According to a Sky News reporter on the flight that arrived in London on Saturday morning, some passengers booed Johnson on the flight to Britain.

It would be an extraordinary political renaissance for the former journalist and ex-mayor of London, who left Downing Street surrounded by scandal but complained that his colleagues had “changed the rules halfway through the election race” – an attack on Tory MPs who were not allowed to work. full mandate.

Former defense secretary Penny Mordaunt has become the first contender to formally announce her intention to run for the next Conservative Party leader, but Johnson and Rishi Sunak, his former finance minister, are the favorites ahead of next week’s vote.

The prospect of Johnson returning to power is a contentious issue for many in the Conservative Party, which is deeply divided after the removal of four prime ministers in six years.

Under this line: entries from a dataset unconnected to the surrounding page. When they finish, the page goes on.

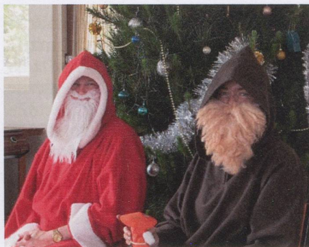
Smiling Samichlaus and Schmutzli

figures with toilet paper rolls when we heard a bell ringing. That was Samichlaus and his friend Schmutzli arriving. They were on foot, as they had left their donkey in a meadow for a rest.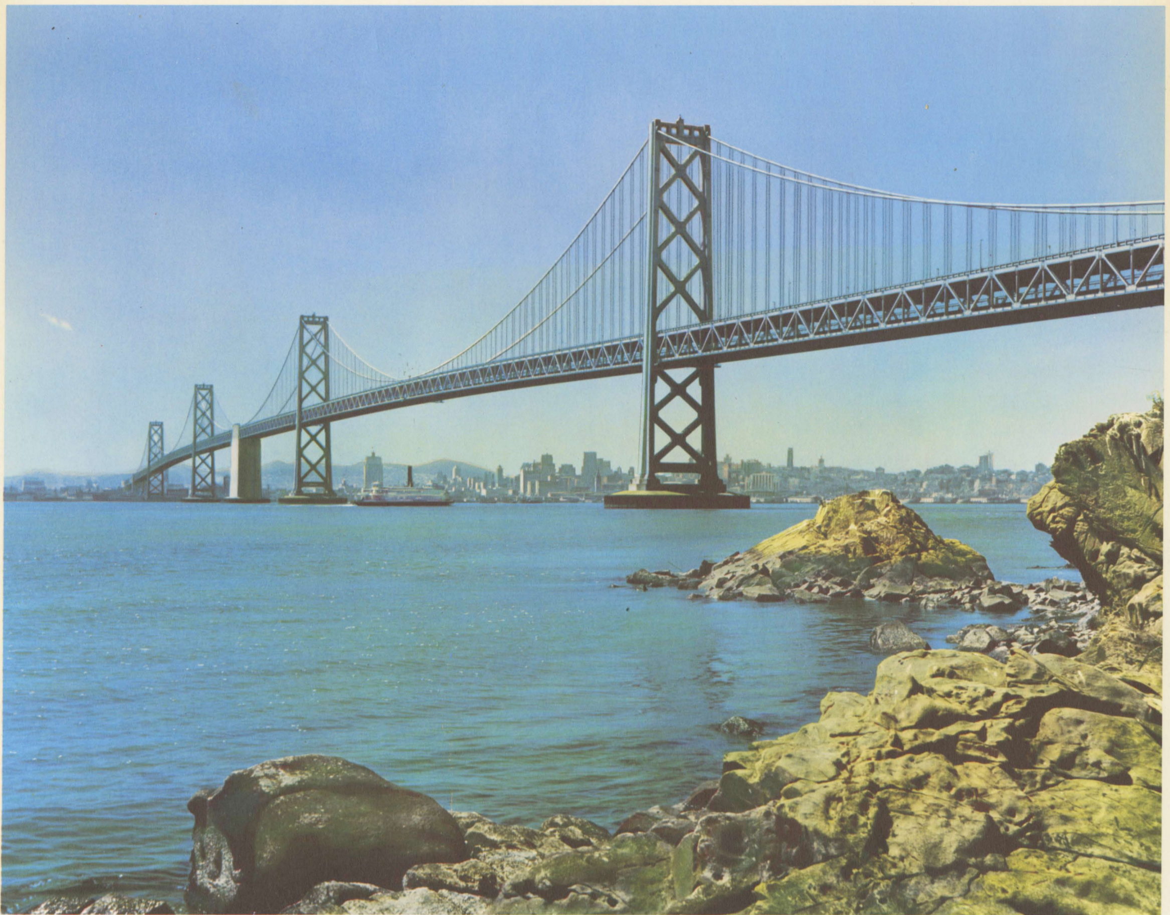
THE TOWERING SAN FRANCISCO-OAKLAND BAY BRIDGE IS AN INSPIRING SIGHT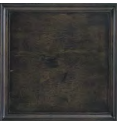
C3: Malabar (M) A wonderfully soft black finish with brown undertones.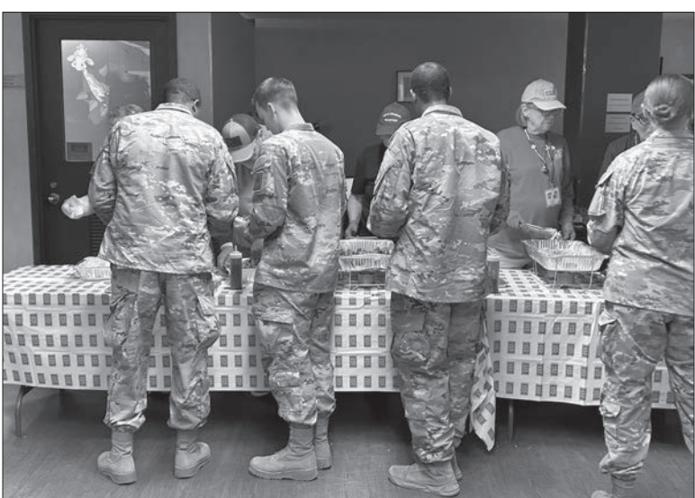
Soldiers take advantage of the USO as they travel through Lambert Airport in St. Louis for holiday leave.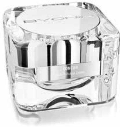
Byonik CONCUR Anti-Pollution Cream £79.00

A multifaceted moisturiser for a beautiful complexion day and night. High-quality detox agents are combined in a unique moisturising formula to protect your skin and stimulate the production of collagen, while hyaluronic acid helps to replenish the moisture reserves. Special proteins help to restore an even complexion and nourishing avocado oil lends your skin a smooth suppleness. Smoothens wrinkles, protects from damage and provides intensive moisture - day and night. A must-have for your beauty routine!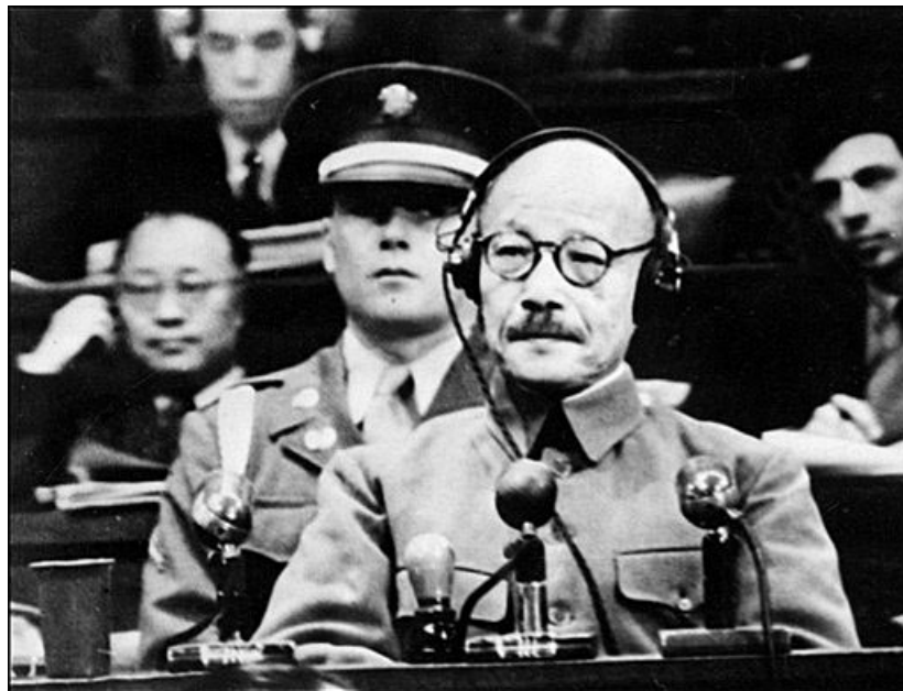
Prime Minister Tojo Hideki at Tokyo Trial

German and Japanese War Crimes Tribunals, and the 1949 Geneva Accords and its 1977 Protocol. The Nuremberg Indictment defined "crimes against humanity" as "murder, extermination, enslavement, deportation, and other inhumane acts committed against any civilian population, before or during the war," language that resonated powerfully with the area bombing campaigns not only of Japan and Germany but of Britain and the US. [38] These efforts appear to have done little to stay the hand of power. Indeed, while the atomic bomb would leave a deep imprint on the collective consciousness of the twentieth century, memory of the area bombings and firebombing of major cities soon disappeared from the consciousness of all but the victims.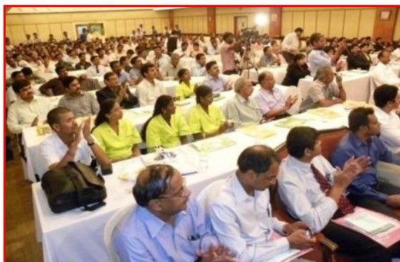
Section of delegates during the Seminar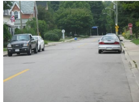
Figure 7 – On-street Parking on Both Sides, James St., Milton, ON

On-street parking is a practical way of decreasing the effective road width by allowing vehicles to park adjacent and parallel to the road edge. This type of measure is applicable on most local and collector roadways. The primary benefit of allowing on-street parking as a traffic calming measure is the reduction in vehicle speeds due to the narrowed travel space. This type of measure may prove to be effective for older residential neighbourhoods closer to the Town Centre. In newer Town subdivisions some roadways have a narrower design to accommodate parking on only one side (parking banned on opposite side). In this situation, changing the parking configuration to permit parking on both sides is not recommended.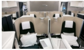
Priority landing for first-class passengers: Out of my...

The Economist explains: Why Islam prohibits images of Muhammad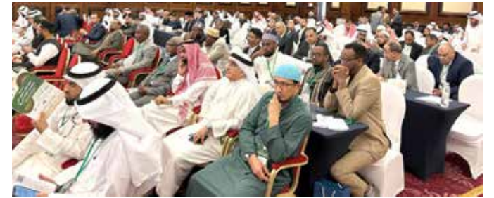
Attendees at the event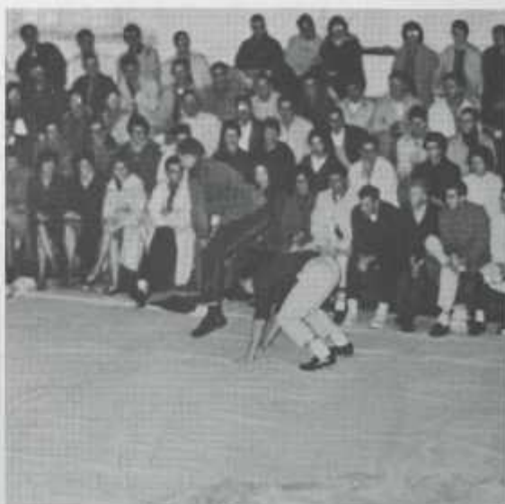
1 . . . 2 . . . 3 . . . Leap.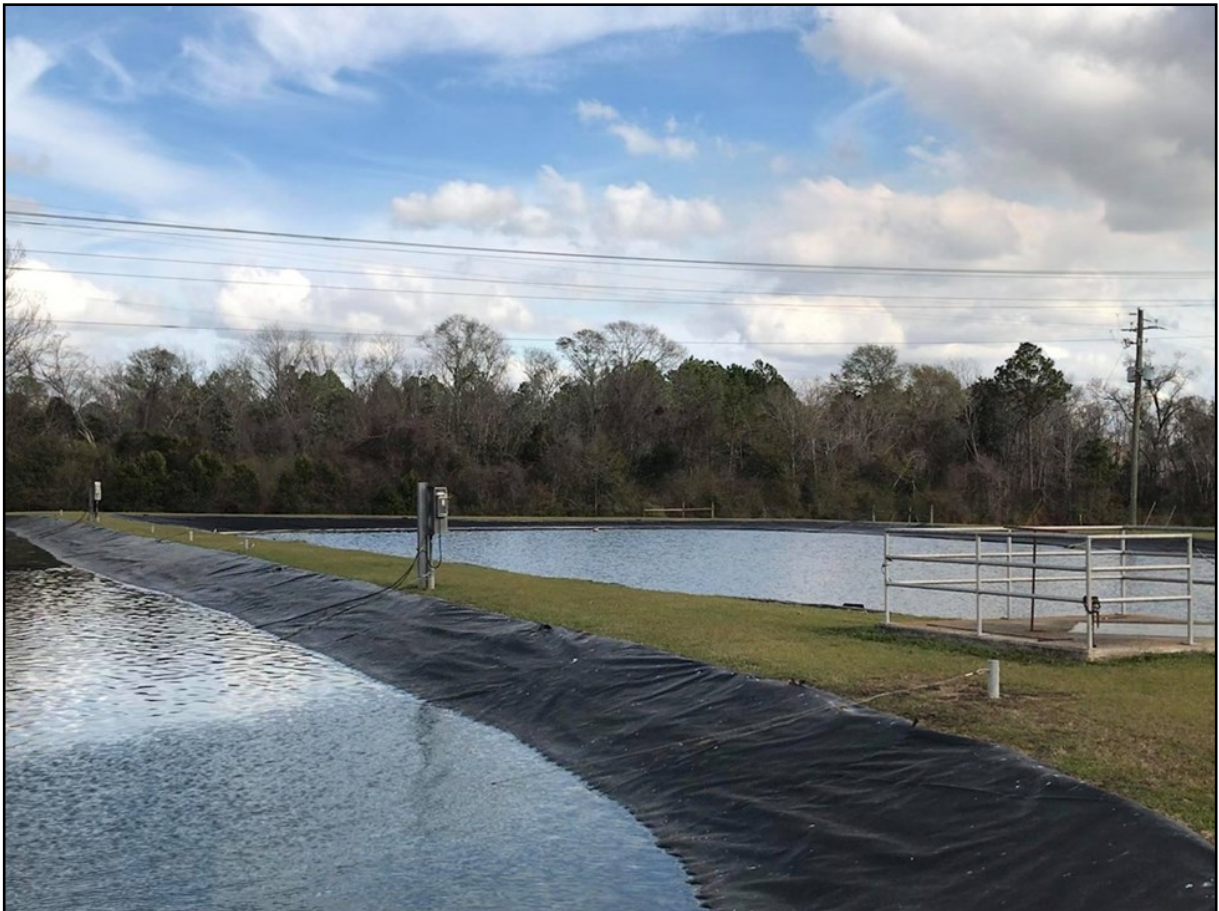
City of Sycamore Wastewater Treatment Facility

The successful EDA grant application was written and submitted by the Southern Georgia Regional Commission. SGRC Community and Economic Development staff will administer the project.

For some Tory MPs, Johnson is a specialist vote-getter, able to attract the attention of voters across the country not only with his fame, but also with his style of energetic optimism.

For others, he is a toxic figure and the question is whether he can convince the dozens of MPs who have deserted him that he is now the man who can unite the party and reverse its decline.

Conservative MP Andrew Stephenson said on Saturday that Johnson was a “proven prime minister” who pushed for Brexit, boasted of a rapid roll-out of Covid vaccinations and was one of Ukraine’s most vocal supporters.